Idle time billing. Replicate bills per second of actual compute, but the clock starts when hardware is allocated, not when your code begins executing. Model loading time (downloading weights, initializing frameworks) counts as billable seconds, especially impactful for large models that take 10-20 seconds to load.
Enterprise volume discounts. Replicate offers committed spend agreements for high-volume customers. The exact discount tiers are not published, but teams spending $5,000+/month should contact Replicate sales to negotiate lower rates.
No free tier for custom models. While Replicate offers free credits for new accounts, running custom models in production requires a payment method. Public model pricing (like $0.003/image for Flux Schnell) applies regardless of volume.

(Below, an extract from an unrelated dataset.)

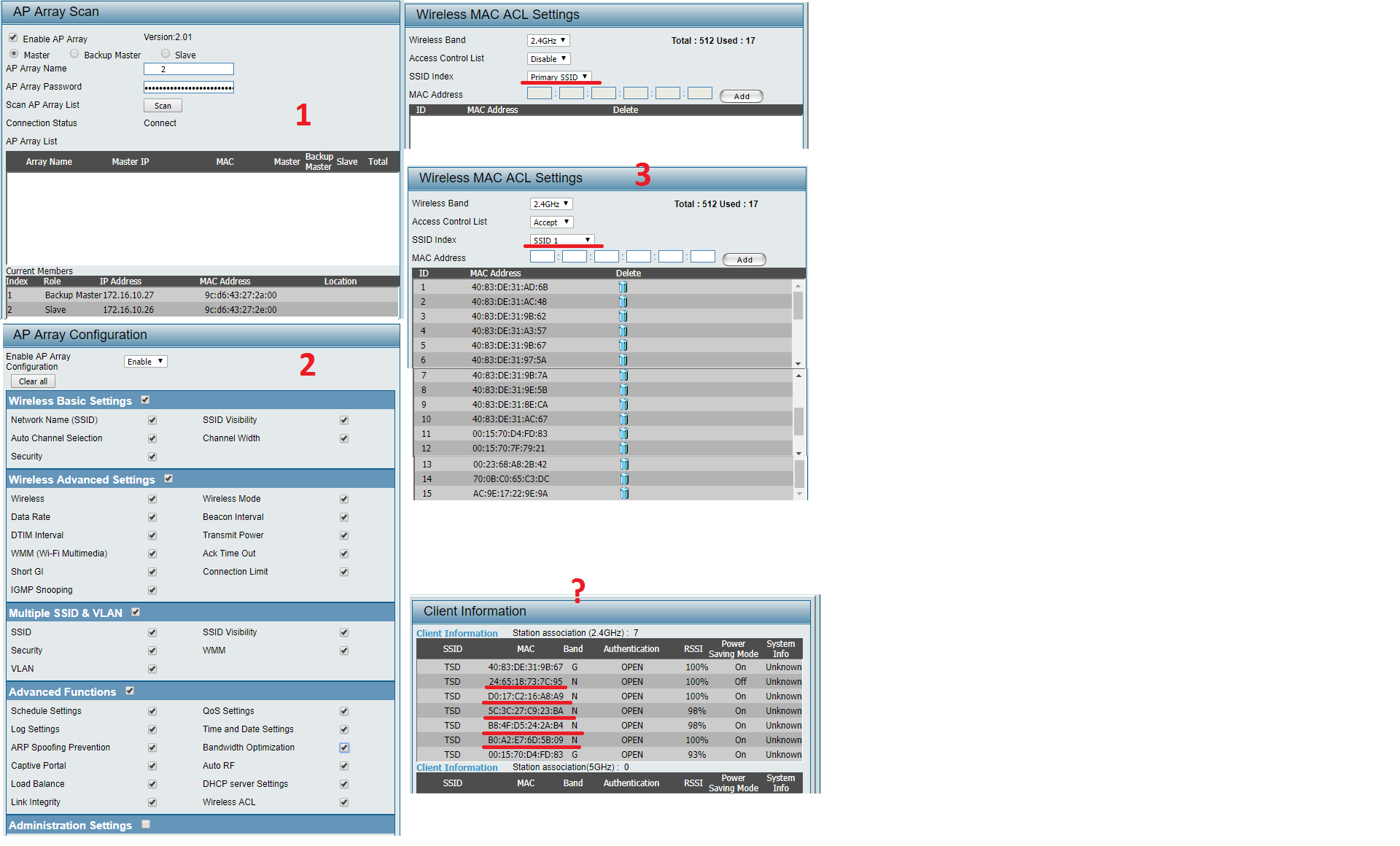 Почему-то несмотря на фильтрацию по MAC в Multi-SSID1, к ней всё-равно могут подключаться неразрешённые пользователи, причём на любой из 3-х точек.

Cost Estimates by Team Size
Solo developer or hobbyist: Running 1,000 image generations per month with Flux Schnell at $0.003/image costs $3/month. Occasional experimentation with larger models on T4 GPUs ($0.81/hr) for 10 hours adds $8.10. Monthly total: $11-$15.
Small startup (3-5 engineers): A team running 50,000 Flux Schnell predictions per month ($150) plus a custom model on A100 80GB for 100 hours ($504) with DeepSeek R1 processing 10M tokens ($37.50). Monthly total: $500-$900.

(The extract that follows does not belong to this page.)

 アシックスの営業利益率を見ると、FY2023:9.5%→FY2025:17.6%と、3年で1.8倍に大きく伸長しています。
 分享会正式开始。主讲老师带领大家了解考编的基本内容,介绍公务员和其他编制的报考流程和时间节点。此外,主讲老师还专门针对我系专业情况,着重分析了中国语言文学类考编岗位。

Mid-size company (15-25 engineers): Production workloads running custom models on H100 GPUs for 500 hours/month ($2,745), plus 500,000 image generations ($1,500), and video generation processing 1,000 seconds ($90). Before enterprise discounts, monthly total: $4,000-$6,000. With committed spend discounts, expect 15-25% savings.

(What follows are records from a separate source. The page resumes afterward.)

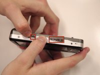Remove the 2 screws (3.5 mm) on the Compact Flash insert, located on the left hand side, with a Phillips #000 screwdriver.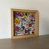 Květinový ručně vyrobený obraz s květy ve žlutých, růžových a fialových barvách, které rostou po celém obrazu. Mezi květy najdete chryzantémy, pryskyřník, krásenky a mnoho dalšího.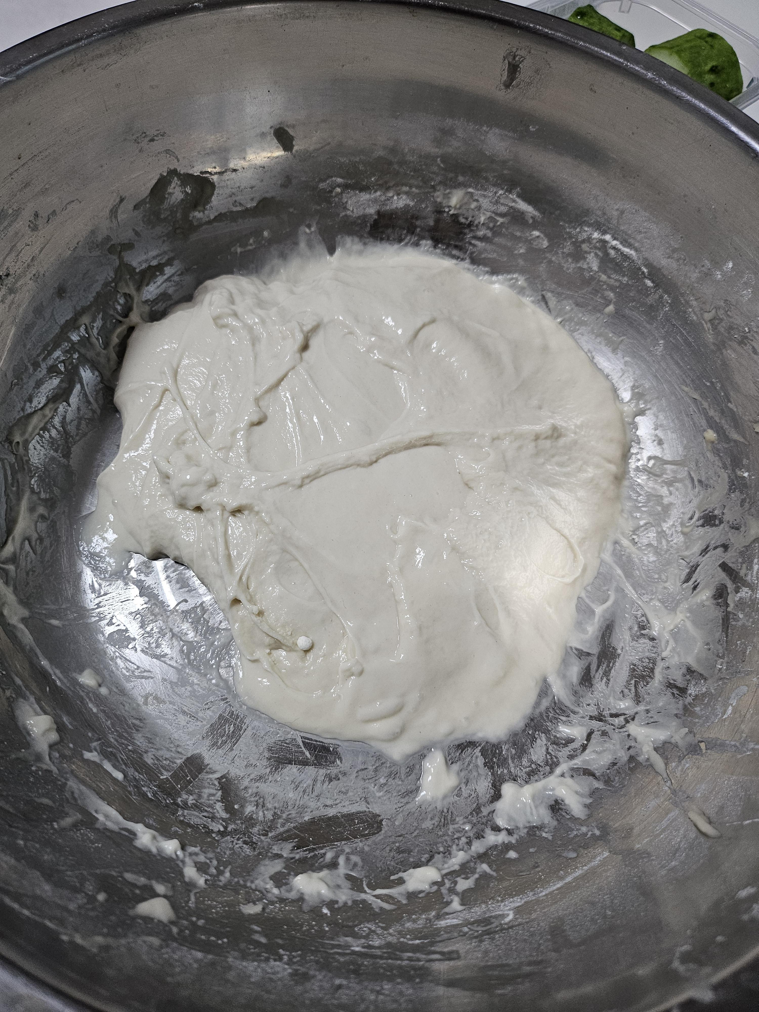 가루류를 모두넣고 섞다가 30분씩 네번 폴딩을 해주면 됩니다. 폴딩이란 다이소 돗자리를 접는 것처럼 필땐 좋았지만 접을 땐 어려운 행동인데요. 이리저리 달라붙어서 잘안되더라고요.너무 질척대서 손에 붙어버린것만 한바가지.

How Replicate Pricing Compares
Replicate's per-second billing model differs fundamentally from competitors that charge per token or per million tokens. Direct cost comparison depends on the specific model and workload pattern.
vs. Fireworks AI: Fireworks charges per token, starting at $0.10 per 1M tokens for sub-4B parameter models and $0.90 per 1M tokens for 16B+ models. For LLM inference, Fireworks is substantially cheaper for high-throughput text workloads. Replicate's advantage is broader model support including image, video, and audio models that Fireworks does not host.
vs. Together AI: Together AI offers inference from $0.10 per 1M tokens for smaller models. For pure LLM serving, Together provides more predictable per-token pricing. Replicate's per-second hardware billing can be more cost-effective for models with variable output lengths or non-text modalities.
vs. Groq: Groq charges $0.59 per 1M input tokens and $0.79 per 1M output tokens for Llama 70B. For LLM-only workloads requiring the lowest latency, Groq undercuts Replicate on price and speed. Replicate serves a broader set of use cases beyond text generation.
Replicate's strongest cost advantage is for teams that need to run custom models (fine-tuned or proprietary) across multiple modalities. The per-second billing model works well for bursty, unpredictable workloads where you want to avoid paying for idle capacity. For teams focused purely on LLM inference at scale, token-based providers like Fireworks AI and Together AI deliver better unit economics.